Кузница была под горой — «на подоле»; ниже — город; выше, на горе, — кладбище. Почему кладбище на горе, а не город — неизвестно. Живым и так весело, а мертвецу с горы лучше видно: может быть, так думали?
Подручный Ерошка — кузнец всех подручных Ерошками звал — качал мехи. Голосенко у него какой-то подтянутый, словно пищали мехи или скрипела сухая кожа. Грызя полусырую картошку, махал он тонкой, как ремень, рукой и спрашивал:
— А обозы белу муку скоро повезут? Утикают…
— Муки белой не полагается, муку белую едят белые, а нам надо исть муку черную.
Кузнец погнул в пальцах изржавевший жестяной обручишко, изорвал его в куски и бросил в угол. Обошел вдоль стен, выглянул, вдохнул сладковатой сырости и захлопнул торопливо дверь.
— В городе-то — тьма, даже в тюрьме огня нету. Ты картошку не проследи, уплывет… Белые, поди, сегодня придут, надо б домой идти. Пущай здесь убивают, одна могила, да и та хоть своя, а?.. Всех трудящихся чересчур, говорят, убивают. Возьмут нас, Ерошка, да и повесят вот тут, в станке на перекладинах, где коней куем.

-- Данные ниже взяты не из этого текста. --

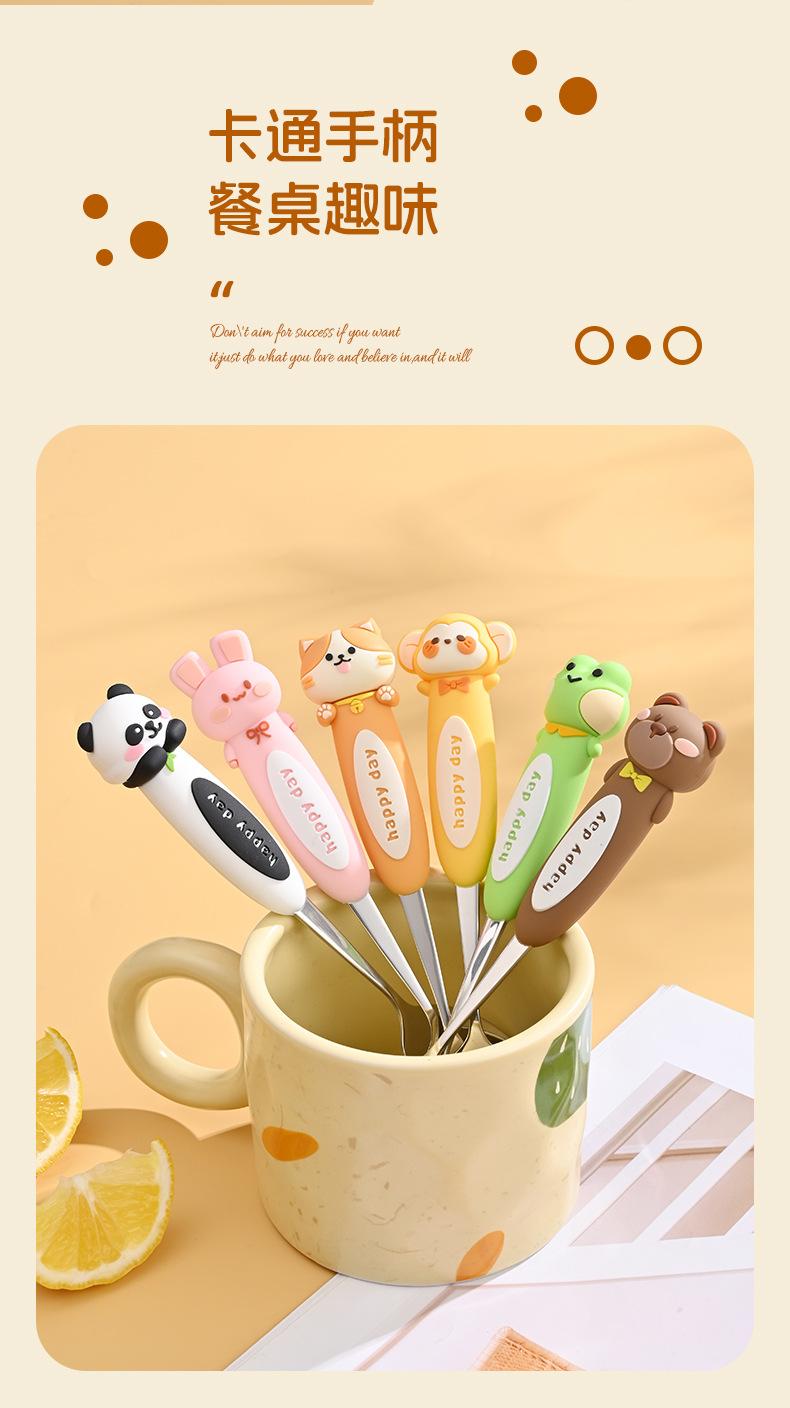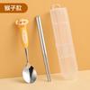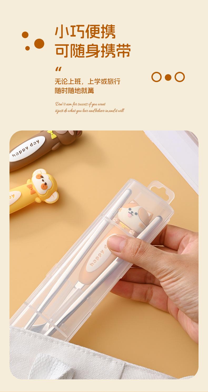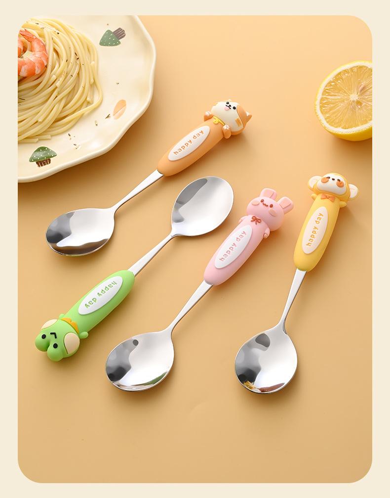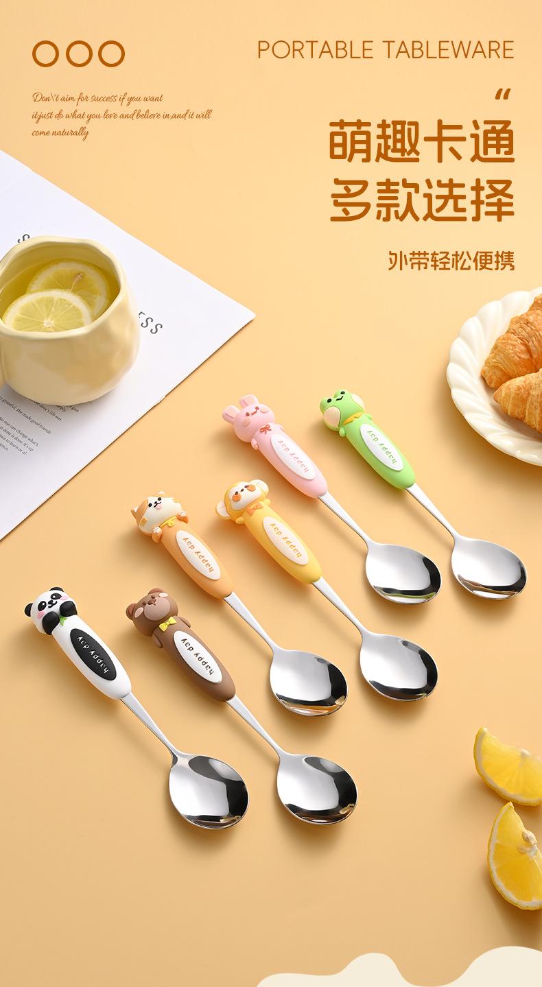 Juego de cubiertos portátiles de acero inoxidable 304 de dibujos animados, grado alimenticio, animal lindo, estudiante, niños, cuchara, palillos, juego

— А за ноги вешают? У которых шея, поди, тонкая, не выдержит, дяденька?
— Проси — повесят за ноги.
— А на том свете в рай попадем?
Василий оттянул котелок, щепочкой попробовал картошку. Седоватая бороденка отсырела и запахла табаком. Ему захотелось курить, он поскоблил в карманах.

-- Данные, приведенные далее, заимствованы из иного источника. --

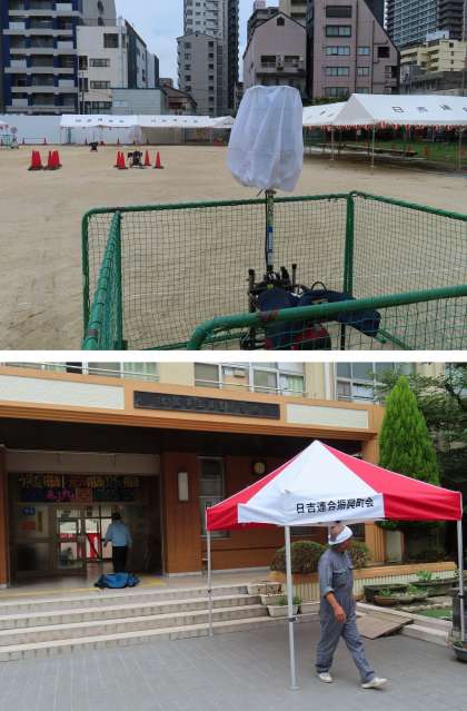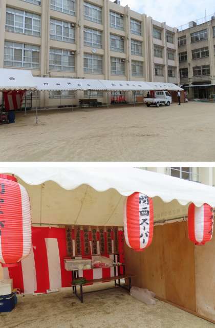 学校では、明日からの『日吉夏祭り』の準備を地域の方がしてくださっています。
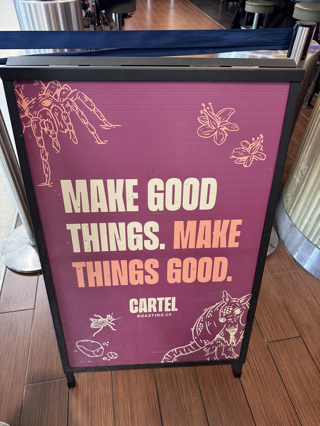FIVE STARS!! Cartel Coffee is a MUST. I walked from another section of the terminal immediately after landing to ensure I’d have time to visit.

— А на этом свете в рай хочешь?
— Хочу.
— Давай табаку, дорогу расскажу.
Ерошка выпустил ремень меха и сказал медленно:
— Я некурящий.
Подумал и, подхватывая ремень, кашлянул тихонько:
— У нас, дяденька, парнишки порешили в бога не верить.
— Ишь!
— Большевики в бога не верют… Кипит!..
— Кипит. Доставай.
В крестах, на горе, ухнуло и посыпало мелким треском.
— Бонба, — сказал боязливо Ерошка.
— Ешь, пока картофель горяча.
А сам кузнец не стал есть. Разломил, понюхал: пахнуло сыростью. Отложил. Поднялся и вдруг, ссутулясь, накрыл корчагой угли в горне. Ерошка зачавкал медленнее:
— Темно, дяденька.
Василий стоял у дверей. Ржала где-то далеко лошадь; по дороге неустанно шел ветер. У станка для ковки, подле кузницы, свистела, как бич, веревка… Кузнецу стало холодно, он вспомнил, что у воротника рубахи нет пуговиц. Тоненько пискнул в углу Ерошка:
— Дяденька, темно… Пойдем в город… тут крысы…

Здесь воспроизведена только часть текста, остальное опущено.